Dopo la ripresa del potere in Afghanistan da parte dei talebani, numerosi sono i civili che ora tentano di fuggire dal paese. Il caos maggiore si sta generando in queste ore all’aeroporto di Kabul, dove i civili hanno tentato di aprire un varco per cercare di imbarcarsi sugli aerei.

Numerosi sono altrettanto i video postati su twitter ed altre piattaforme social, dove si intravedono civili che cercano ad ogni costo di tentare la fuga dal paese. Alcuni tentano di invadere le piste di decollo, altri di aggrapparsi alle ruote o alle ali. Altre immagini mostrano invece persone precipitare dagli stessi velivoli, su cui erano disperatamente nascosti tra le ali o le gomme.

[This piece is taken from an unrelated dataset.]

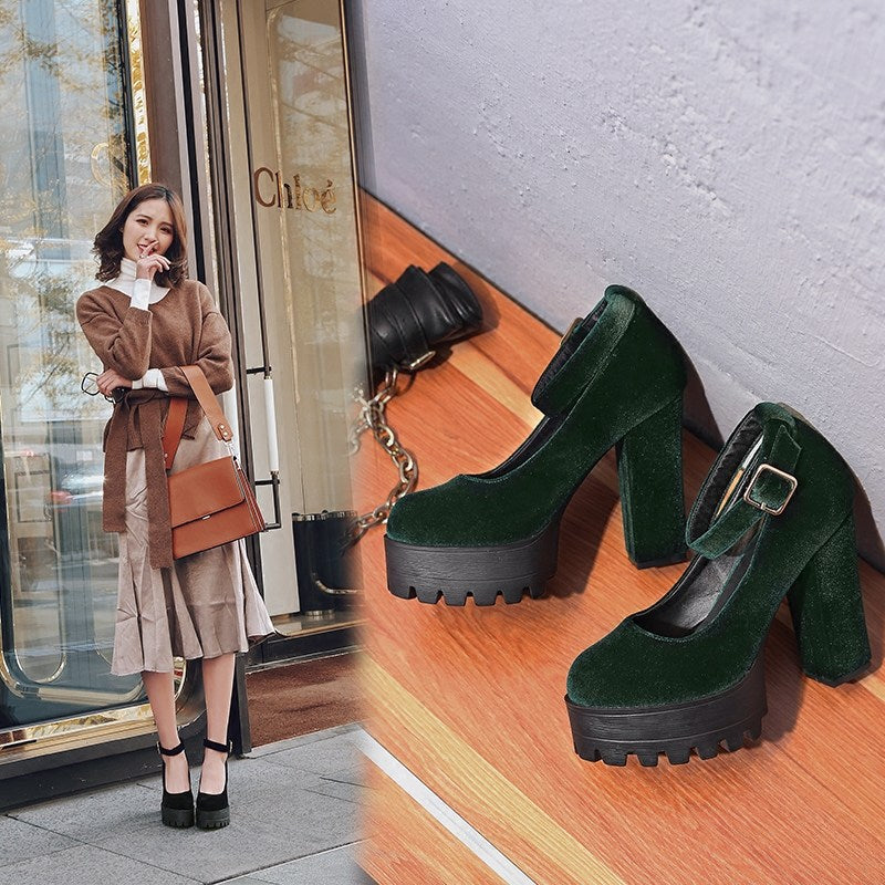 Platform shoes with thick heels and high heels

Dietro la riconquista del territorio afghano da parte dei talebani c’è una sistema militare che non ha funzionato senza il supporto degli Stati Uniti e degli alleati Nato. La mancanza di munizioni, cibo e supporto aereo hanno reso impossibile il lavoro di soldati, che mal nutriti e mal pagati, dopo esser stati lasciati in avamposti isolati, hanno facilmente ceduto alle offerte dei talebani, che hanno offerto loro posizioni di rilievo in cambio delle loro attrezzature.

In questo modo i talebani hanno preso sempre più il controllo delle aree rurali, determinando l’indebolimento del sistema logistico, che a causa della corruzione non ha più comunicato i numeri corretti delle forze dell’esercito afghano ormai troppo inferiori a quelle sufficienti.

La seconda città caduta nelle mani nemiche è stata Sheberghan, il maresciallo Abdul Rashid Dostum e l’ex governatore Mohammad Ismail Khan hanno anch’essi ceduto le forze, rinunciando alla difesa del governo del presidente Ashraf Ghani.

Gaudieri Brunella
Ho studiato il tedesco, l´inglese e ho qualche infarinatura di svedese ed arabo. Dopo la laurea triennale in Traduzione e Interpretariato a Napoli mi sono trasferita a Gorizia, poi Trieste, Udine, Klagenfurt am Wörthersee e Vienna. In questi posti ho fatto bellissime esperienze di lavoro, tra cui la traduttrice presso l´ORF. Ho conseguito la laurea specialistica a doppio diploma italo-austriaco in Lingue e letterature straniere ed euroamericane ed ho vissuto tanto tempo lontana dalla mia "comfort zone". Ho incontrato tantissime persone e mi sono avvicinata incuriosita alle loro culture. Mi piace la lettura, il mondo dell´informazione, l´arte e parlo molto bene il tedesco. Sono attenta alle problematiche sociali e sensibile alla tutela degli animali randagi.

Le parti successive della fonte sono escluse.